- WHAT TO DO
What you return should be the complete listing, unchanged, with no pictures in it.

------ DATA BLOCK ------

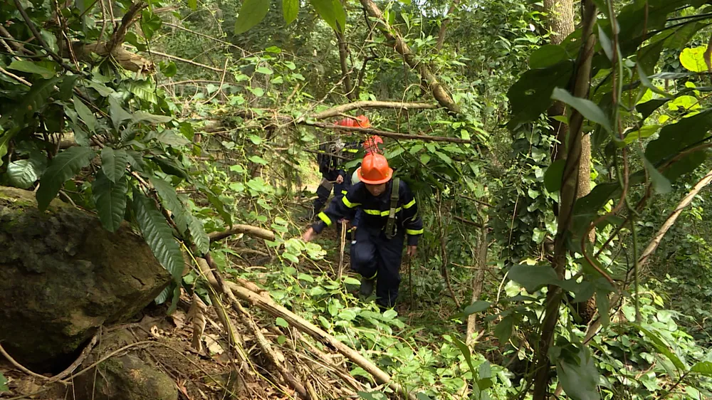 Lực lượng chức năng lội rừng để đến bãi Sủng Cỏ
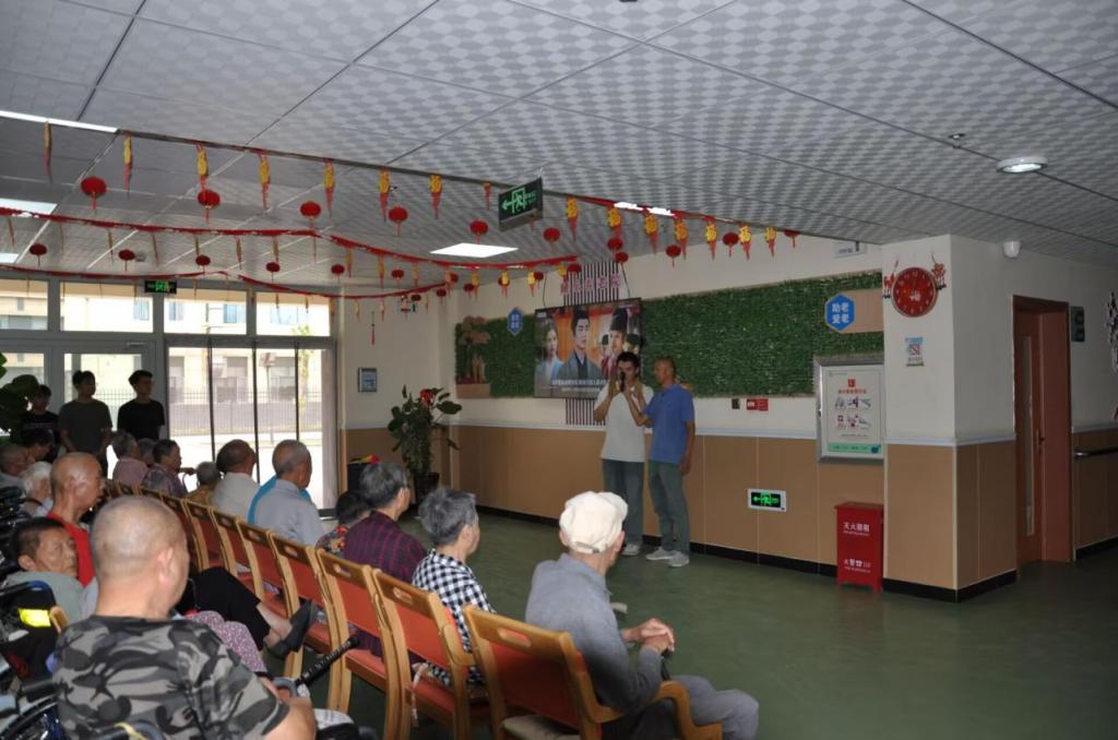 王连群老师与三下乡团队学生张禹权耐心地教授敬老院老人们手指操,并讲解科学饮奶知识,希望通过健康知识的传播来守护每一位老人的健康。(文/张禹权 尹豪 摄/刘宇珂)
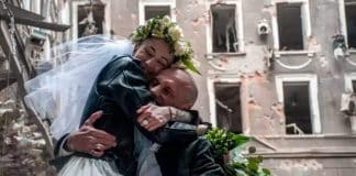 Nos escombros da guerra, médico e enfermeira se casam em Kharkiv,...

------

- EXERCISE RESULT
 Lực lượng chức năng lội rừng để đến bãi Sủng Cỏ
 王连群老师与三下乡团队学生张禹权耐心地教授敬老院老人们手指操,并讲解科学饮奶知识,希望通过健康知识的传播来守护每一位老人的健康。(文/张禹权 尹豪 摄/刘宇珂)
 Nos escombros da guerra, médico e enfermeira se casam em Kharkiv,...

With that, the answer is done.